• [Input data]:
# # # # # # #

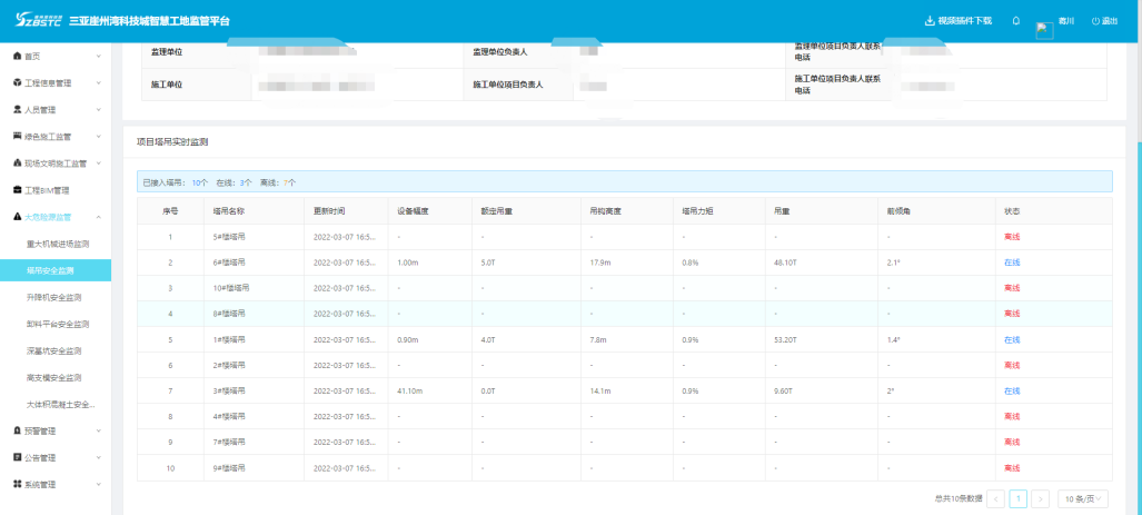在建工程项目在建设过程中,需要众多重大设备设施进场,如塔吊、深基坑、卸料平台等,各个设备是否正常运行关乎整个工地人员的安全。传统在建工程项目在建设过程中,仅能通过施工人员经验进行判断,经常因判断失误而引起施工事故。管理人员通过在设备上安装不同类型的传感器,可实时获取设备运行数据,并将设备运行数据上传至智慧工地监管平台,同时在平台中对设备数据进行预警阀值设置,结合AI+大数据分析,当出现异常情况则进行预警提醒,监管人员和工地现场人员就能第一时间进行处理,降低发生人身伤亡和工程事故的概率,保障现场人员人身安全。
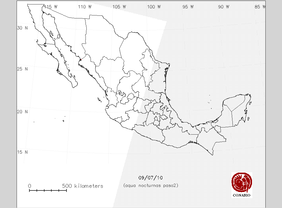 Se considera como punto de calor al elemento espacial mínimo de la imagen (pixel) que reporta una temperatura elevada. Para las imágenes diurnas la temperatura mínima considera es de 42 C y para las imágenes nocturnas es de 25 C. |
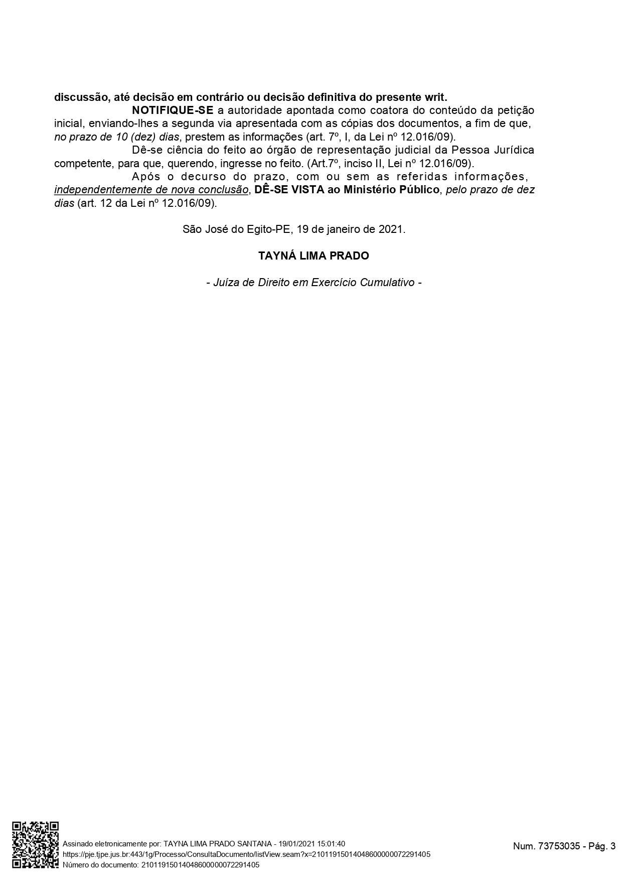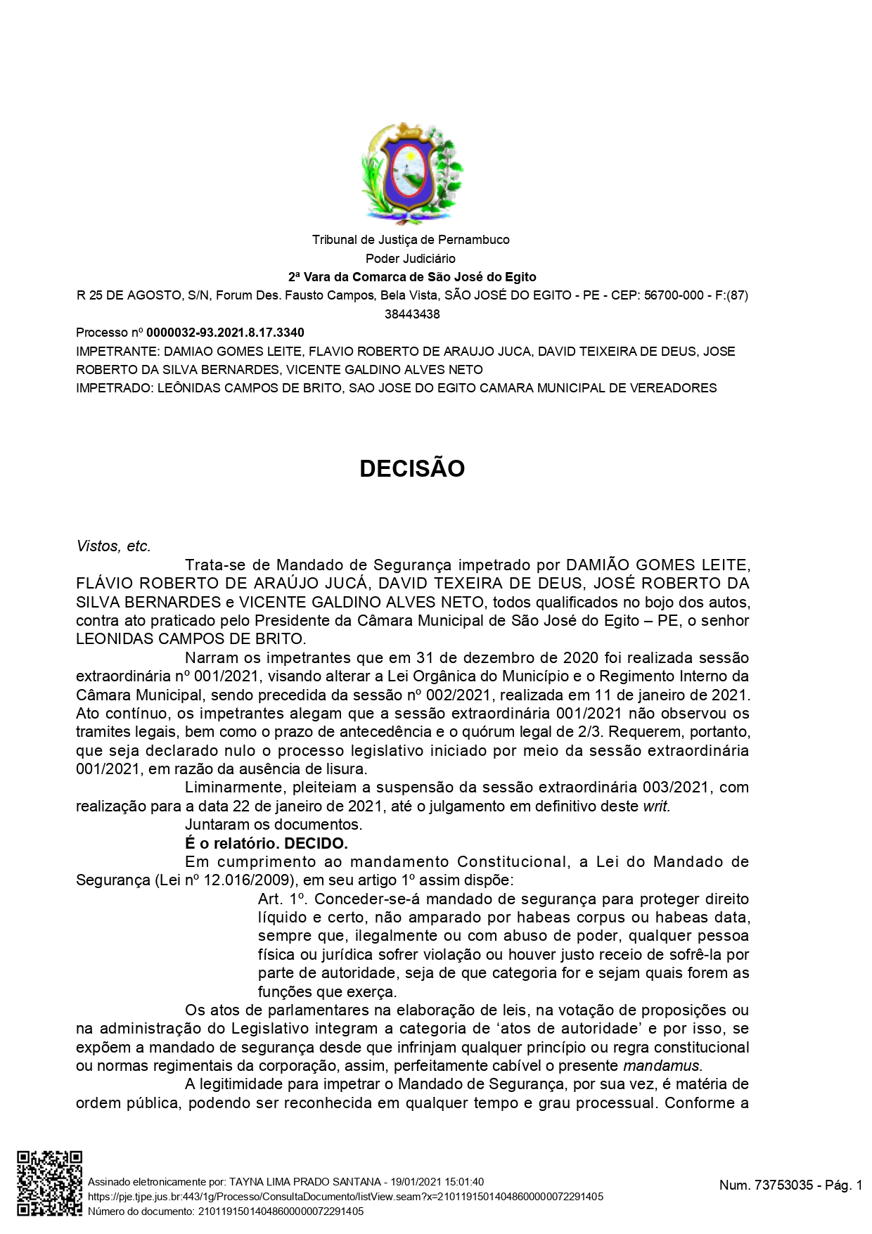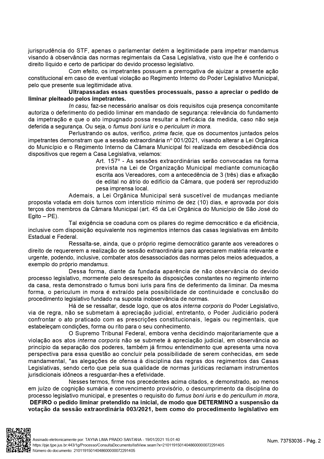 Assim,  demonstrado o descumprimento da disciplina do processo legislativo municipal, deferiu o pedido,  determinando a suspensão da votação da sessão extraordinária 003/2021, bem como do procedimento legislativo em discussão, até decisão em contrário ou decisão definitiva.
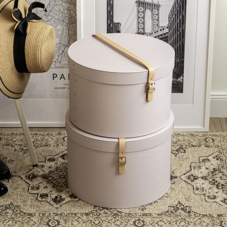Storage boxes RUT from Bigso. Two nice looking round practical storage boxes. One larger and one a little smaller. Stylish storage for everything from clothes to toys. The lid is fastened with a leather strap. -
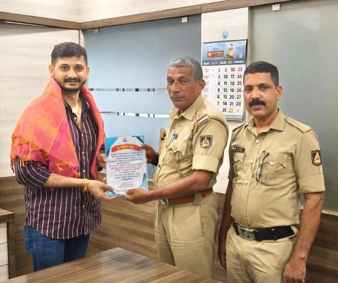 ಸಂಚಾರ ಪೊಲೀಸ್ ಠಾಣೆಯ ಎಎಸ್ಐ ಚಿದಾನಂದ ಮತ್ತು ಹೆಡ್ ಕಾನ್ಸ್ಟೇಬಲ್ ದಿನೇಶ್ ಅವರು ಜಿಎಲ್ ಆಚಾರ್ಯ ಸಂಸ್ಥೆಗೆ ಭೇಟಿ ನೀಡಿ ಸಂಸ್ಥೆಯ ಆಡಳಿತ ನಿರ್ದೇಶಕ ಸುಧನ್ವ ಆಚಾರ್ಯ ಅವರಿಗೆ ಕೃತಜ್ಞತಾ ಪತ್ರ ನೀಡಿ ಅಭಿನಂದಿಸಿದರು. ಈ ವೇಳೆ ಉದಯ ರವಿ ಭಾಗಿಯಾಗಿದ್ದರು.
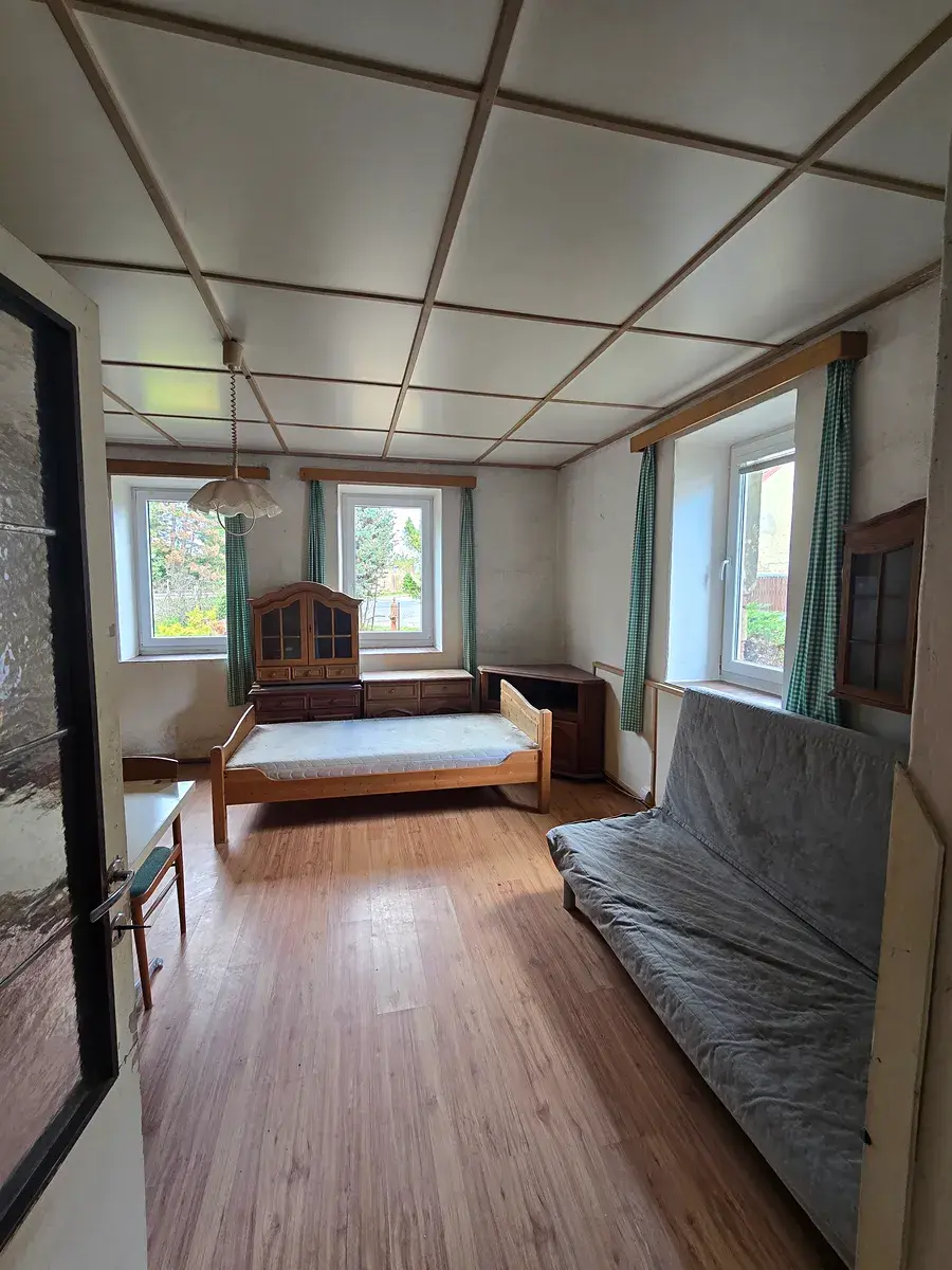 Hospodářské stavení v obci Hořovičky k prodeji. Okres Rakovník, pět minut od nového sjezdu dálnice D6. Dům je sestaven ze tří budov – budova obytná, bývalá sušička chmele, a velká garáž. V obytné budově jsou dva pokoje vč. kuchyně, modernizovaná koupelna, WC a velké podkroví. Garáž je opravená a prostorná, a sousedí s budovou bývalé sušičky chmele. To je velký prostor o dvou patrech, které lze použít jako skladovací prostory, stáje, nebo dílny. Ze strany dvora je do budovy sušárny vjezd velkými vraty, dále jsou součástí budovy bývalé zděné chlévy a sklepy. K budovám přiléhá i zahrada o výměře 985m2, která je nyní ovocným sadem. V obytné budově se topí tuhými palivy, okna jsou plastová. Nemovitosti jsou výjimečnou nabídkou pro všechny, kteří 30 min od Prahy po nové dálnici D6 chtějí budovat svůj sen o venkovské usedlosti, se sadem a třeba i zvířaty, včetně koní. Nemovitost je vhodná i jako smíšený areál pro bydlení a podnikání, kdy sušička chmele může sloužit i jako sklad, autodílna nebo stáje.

# # # # # # #

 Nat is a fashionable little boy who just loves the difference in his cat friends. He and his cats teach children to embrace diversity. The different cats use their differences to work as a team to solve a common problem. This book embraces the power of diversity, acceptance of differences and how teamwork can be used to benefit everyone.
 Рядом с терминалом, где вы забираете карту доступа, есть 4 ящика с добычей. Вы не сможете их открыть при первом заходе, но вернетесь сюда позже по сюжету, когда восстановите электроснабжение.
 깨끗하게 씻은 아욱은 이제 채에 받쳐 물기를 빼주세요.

# # # # # # #

• [Work to complete]:
In the listing above, find the line with "Рядом с терминалом, где" and the line with "깨끗하게 씻은 아욱은 이제 채에 받쳐 물기를 빼주세요.", then print exactly those lines and every line between them.

• [Solution for this task]:
 Рядом с терминалом, где вы забираете карту доступа, есть 4 ящика с добычей. Вы не сможете их открыть при первом заходе, но вернетесь сюда позже по сюжету, когда восстановите электроснабжение.
 깨끗하게 씻은 아욱은 이제 채에 받쳐 물기를 빼주세요.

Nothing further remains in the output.